1. As mentioned in the documentation: `only CPU (Host) path is provided.` From the profiling, there doesn't seem to be any GPU kernel launch for optimization, please see the profiling below.
2. Since only `host` path is provided, the CPU path uses `csrlsvluHost` (but requires PyTorch to be installed/built with CUDA support).
3. The documentation mentions reordering helps optimize stuff, but it isn't clear how it affects the performance. There are options for reordering, so we stick to `reorder = 0` as the default choice.
`cuSolver` has [`csrlsvqr`](https://docs.nvidia.com/cuda/cusolver/index.html#cusolver-lt-t-gt-csrlsvqr) function which provides a `device` path to solve the linear system.
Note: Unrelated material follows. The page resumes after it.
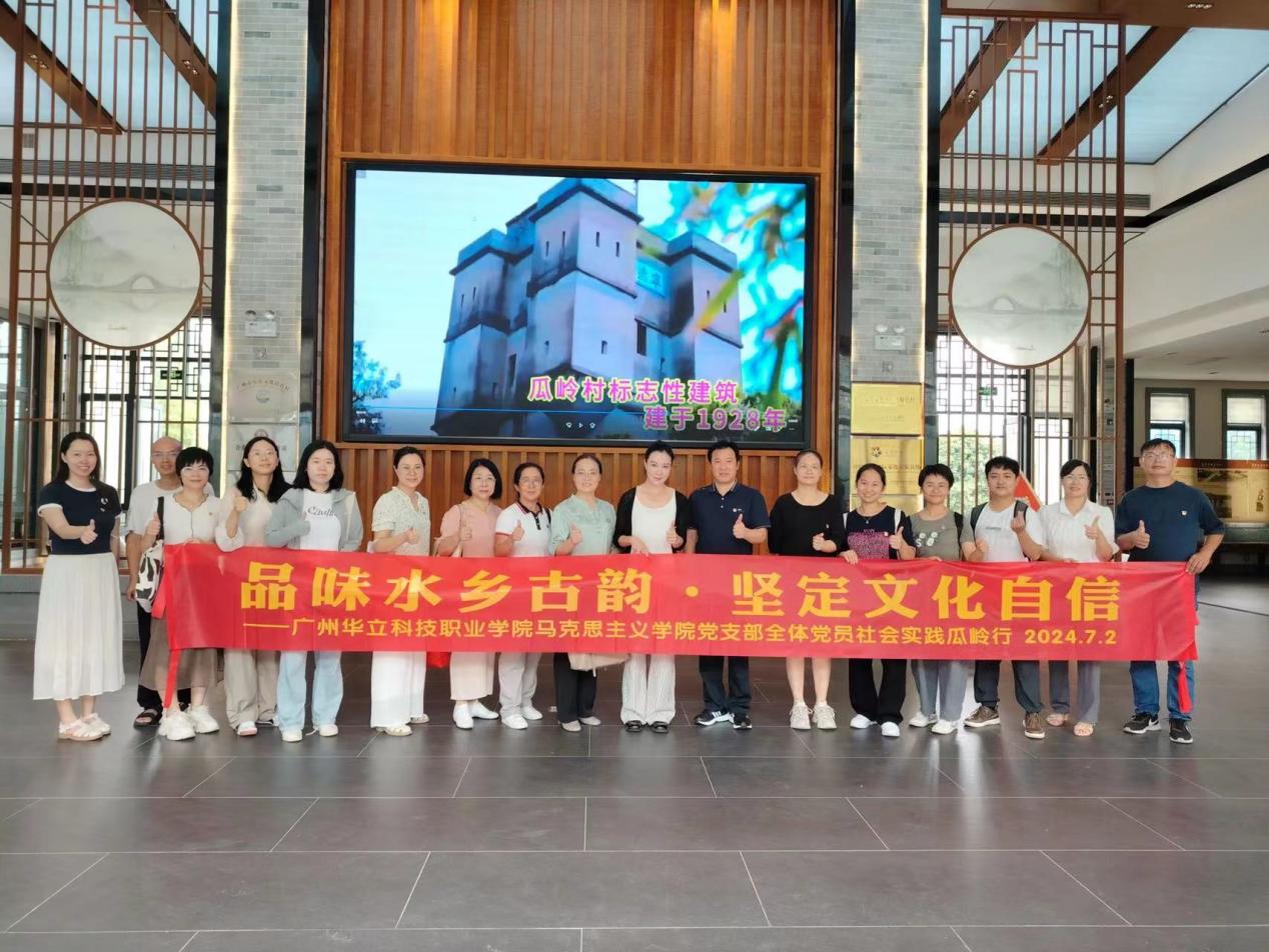為深入貫徹落實(shí)習(xí)近平文化思想,感受嶺南古村與現(xiàn)代文明的和諧交融,7月2日,馬克思主義學(xué)院直屬黨支部組織全體黨員教師,在增城區(qū)新塘鎮(zhèn)瓜嶺村開(kāi)展了以“品味水鄉(xiāng)古韻 堅(jiān)定文化自信”為主題的實(shí)踐調(diào)研活動(dòng)。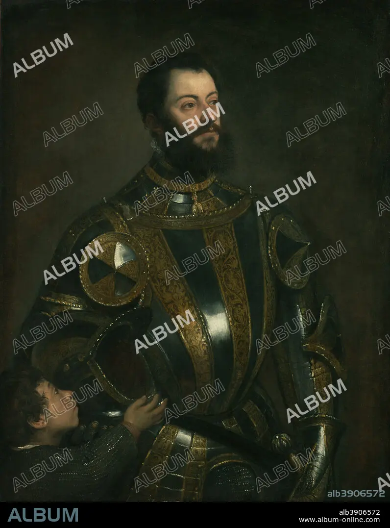 Portrait of Alfonso d'Avalos, Marquis of Vasto, in Armor with a Page. Date/Period: Probably January - February 1533. Painting. Oil on canvas. Height: 1,100 mm (43.30 in); Width: 800 mm (31.49 in).

This function is used for the CUDA path in this PR.
**Gist:**
For CPU Path: we call [`csrlsvluHost` function of cuSolver](https://docs.nvidia.com/cuda/cusolver/index.html#cusolver-lt-t-gt-csrlsvlu).
For CUDA Path: we call [`csrlsvqr` function of cuSolver](https://docs.nvidia.com/cuda/cusolver/index.html#cusolver-lt-t-gt-csrlsvqr).
**Profiling:** (On sparse input tensor of size 1000 x 1000, with a vector of shape length 1000), for `csrlsvlu` function (to show no GPU optimization)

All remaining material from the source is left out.